■ Task requirements
Beginning with the line where "Oui M le sergent, vous" appears, set down each line exactly until the records below end, and omit the pictures.

Stored items:
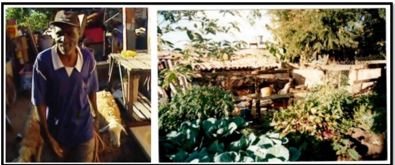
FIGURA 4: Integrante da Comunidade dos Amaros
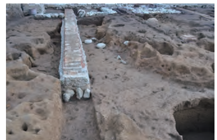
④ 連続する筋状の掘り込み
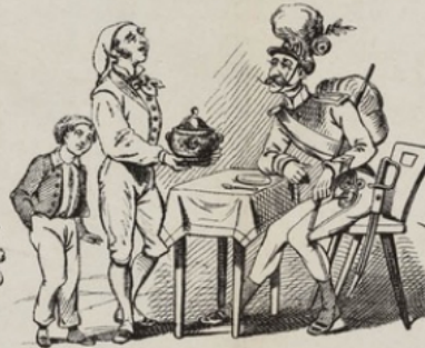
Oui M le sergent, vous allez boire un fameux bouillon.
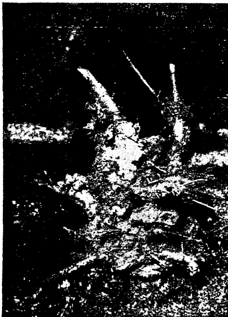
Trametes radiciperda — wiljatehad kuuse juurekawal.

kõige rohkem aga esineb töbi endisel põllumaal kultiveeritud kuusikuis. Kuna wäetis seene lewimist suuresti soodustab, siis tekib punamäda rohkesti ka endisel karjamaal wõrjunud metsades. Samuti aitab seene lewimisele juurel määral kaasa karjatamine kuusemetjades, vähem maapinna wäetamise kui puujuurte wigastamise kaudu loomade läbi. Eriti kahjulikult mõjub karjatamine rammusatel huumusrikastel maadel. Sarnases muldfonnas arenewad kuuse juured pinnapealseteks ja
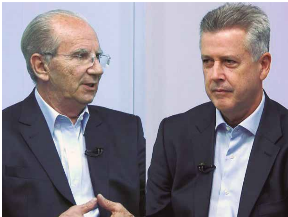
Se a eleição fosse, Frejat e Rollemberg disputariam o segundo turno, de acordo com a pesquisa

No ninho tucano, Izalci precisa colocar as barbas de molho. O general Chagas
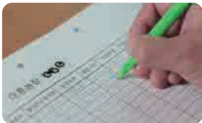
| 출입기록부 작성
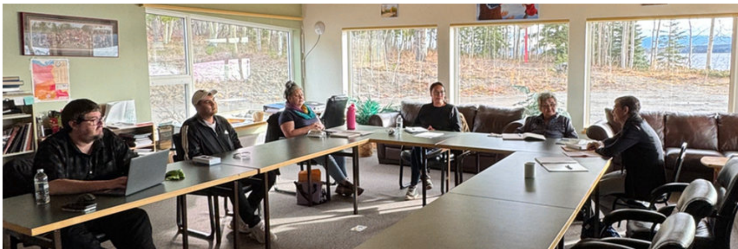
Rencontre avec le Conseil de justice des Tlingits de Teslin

■ Response
Oui M le sergent, vous allez boire un fameux bouillon.
Trametes radiciperda — wiljatehad kuuse juurekawal.

kõige rohkem aga esineb töbi endisel põllumaal kultiveeritud kuusikuis. Kuna wäetis seene lewimist suuresti soodustab, siis tekib punamäda rohkesti ka endisel karjamaal wõrjunud metsades. Samuti aitab seene lewimisele juurel määral kaasa karjatamine kuusemetjades, vähem maapinna wäetamise kui puujuurte wigastamise kaudu loomade läbi. Eriti kahjulikult mõjub karjatamine rammusatel huumusrikastel maadel. Sarnases muldfonnas arenewad kuuse juured pinnapealseteks ja
Se a eleição fosse, Frejat e Rollemberg disputariam o segundo turno, de acordo com a pesquisa

No ninho tucano, Izalci precisa colocar as barbas de molho. O general Chagas
| 출입기록부 작성
Rencontre avec le Conseil de justice des Tlingits de Teslin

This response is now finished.